[Exercise data — start]
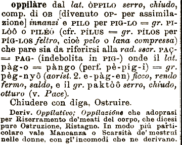 in PIO-) onde il lai. pàg-o === pàngo (perf; pè-pig-i) = gr. pèg-nyó (aorist. 2. e-pàg-en)^cco, rendo fermo, saldo, e il gr. paktòò serro, Deriv. Oppilativo; Oppilaaidne che adoprasi per Biserramento delineati del oorpo, che dicesi pure Ostruzione, Ristagno. oppilàre dal lai, ÒPPILO serro, chiudo, comp. di OB [divenuto OP- per assimilazione] innanzi e PILO per PIO-LO == gr. PILÒÓ chiudo, otturo (v. Pace). Chiudere con diga, Ostruire. o PILÉÓ (cfr. PÌLUS === gr. PILOS per PIO-LOS feltro, cioè pelo o lana compressa) che pare sia da riferirsi alla rad, sscr. PAC=== PAd- (indebolita In modu più particolare vale Mancanza o Scarsità de* mestrui nelle donne, con gP incomodi che- ne derivano.
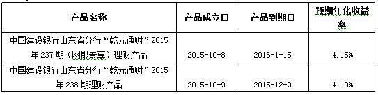 中国建设银行山东省分行“乾元通财”2015年2期理财产品成立公告
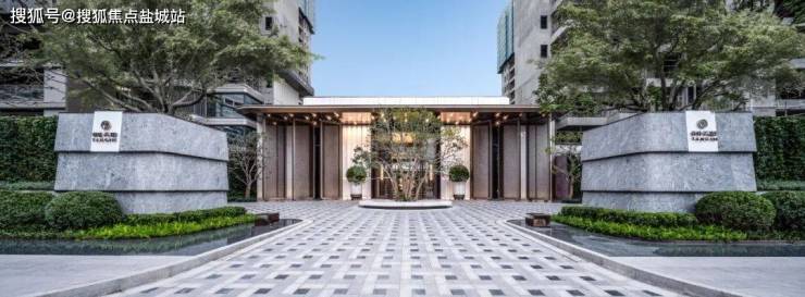 保利投入重金,地面石材通铺,两侧围墙景墙化处理。 选栽3棵20年树龄的小叶榄仁搭配6棵10年树龄的黄花风铃木,形成一段景观大道,使其在城市环境中拥有良好的视觉昭示性以及豪宅必备的私家场域感。
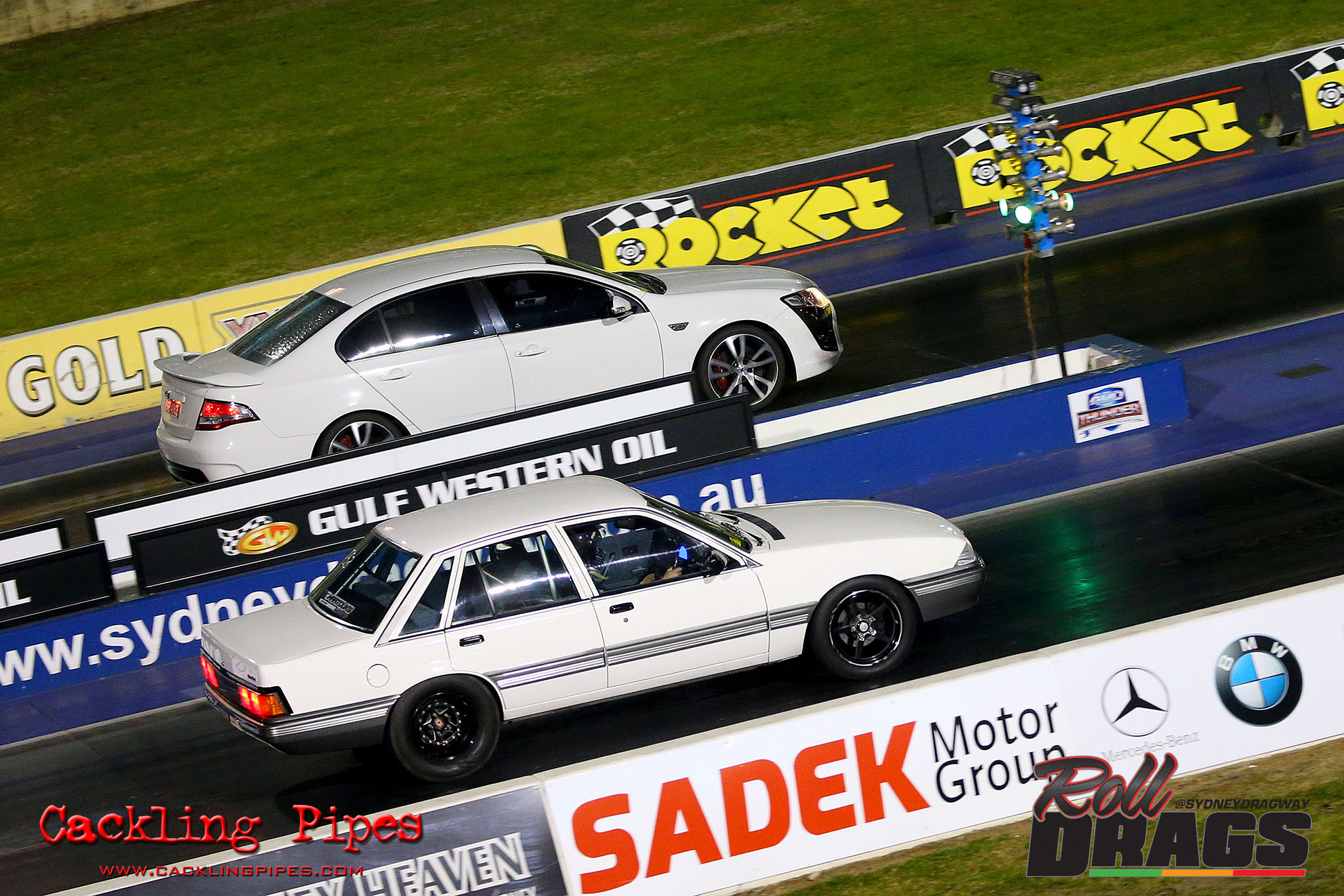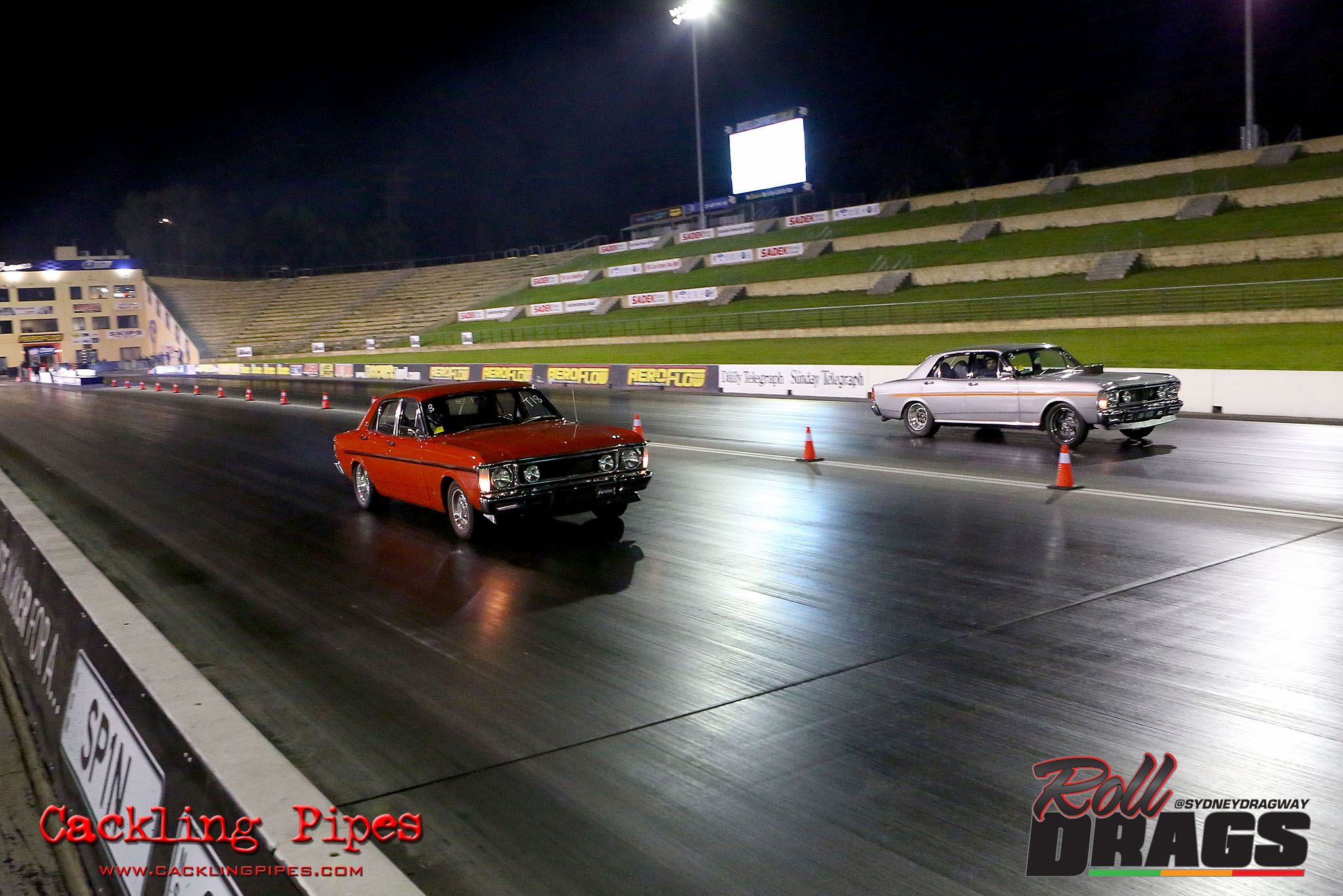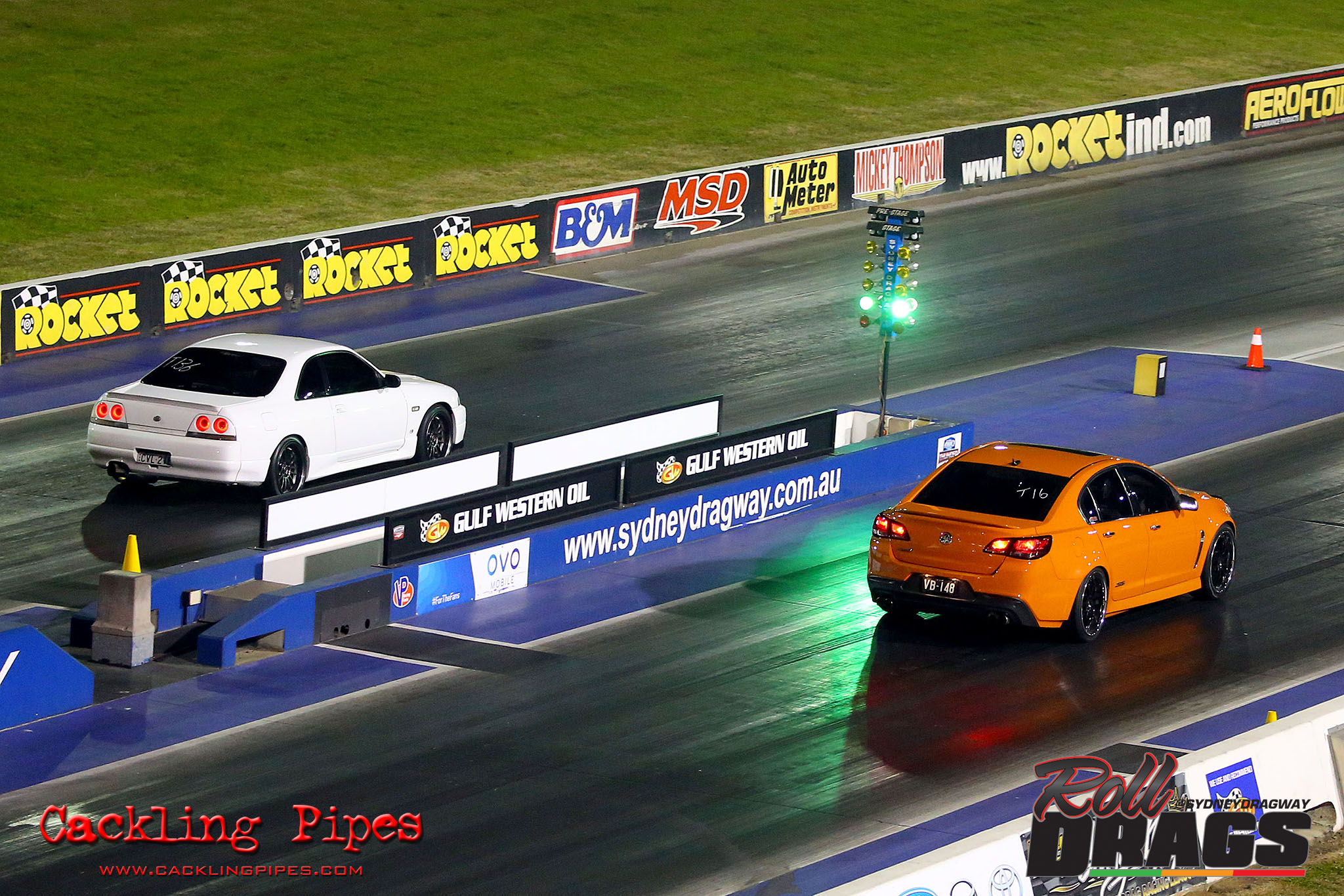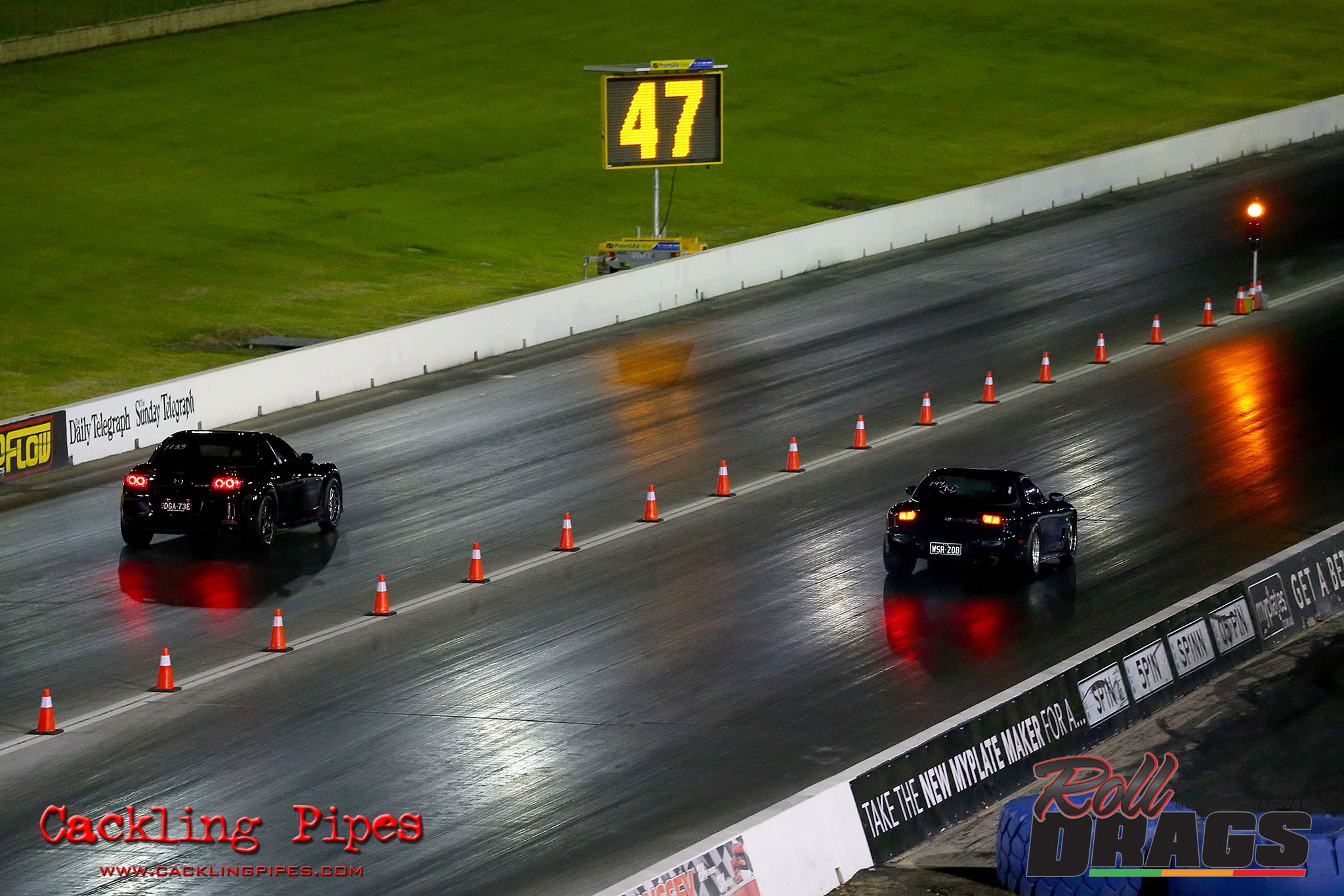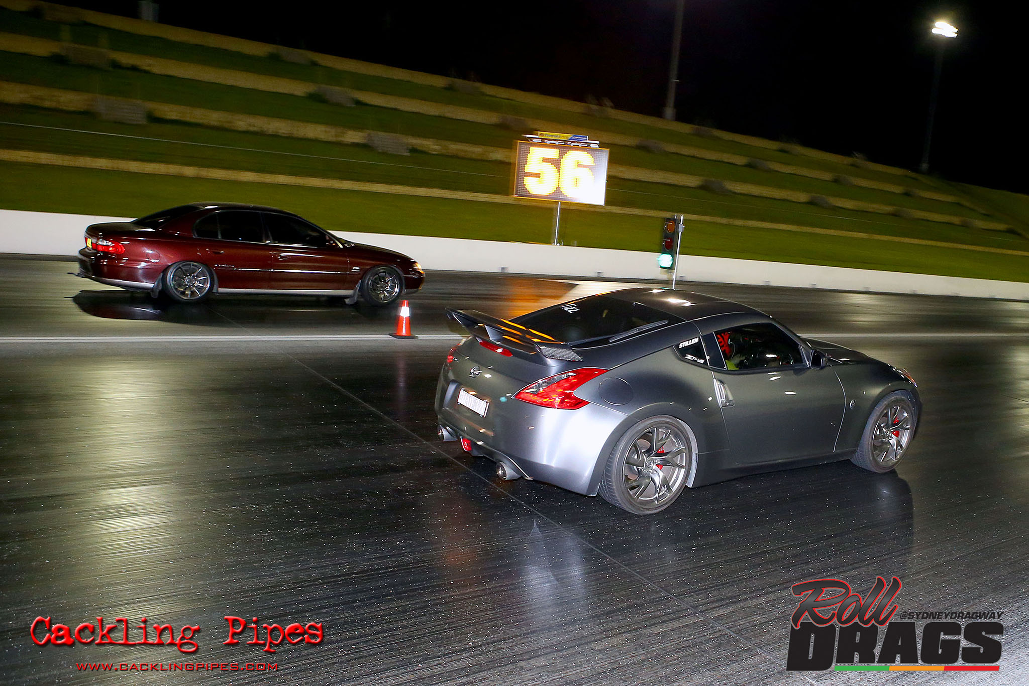 The concept is simple, racers perform their normal burnout and stage routine to set the track timers so a winner can be determined. Both cars then keep pace at 50kph rolling up to a second Christmas tree, drivers dropping the hammer on that tree going green – first to the end wins.
[Exercise data — finish]
Exercise description:
"保利投入重金,地面石材通铺,两侧围墙景墙" marks the first line to be returned; return exactly that line and every line after it through the last line of the listing, omitting pictures.

Answer for this exercise:
 保利投入重金,地面石材通铺,两侧围墙景墙化处理。 选栽3棵20年树龄的小叶榄仁搭配6棵10年树龄的黄花风铃木,形成一段景观大道,使其在城市环境中拥有良好的视觉昭示性以及豪宅必备的私家场域感。
 The concept is simple, racers perform their normal burnout and stage routine to set the track timers so a winner can be determined. Both cars then keep pace at 50kph rolling up to a second Christmas tree, drivers dropping the hammer on that tree going green – first to the end wins.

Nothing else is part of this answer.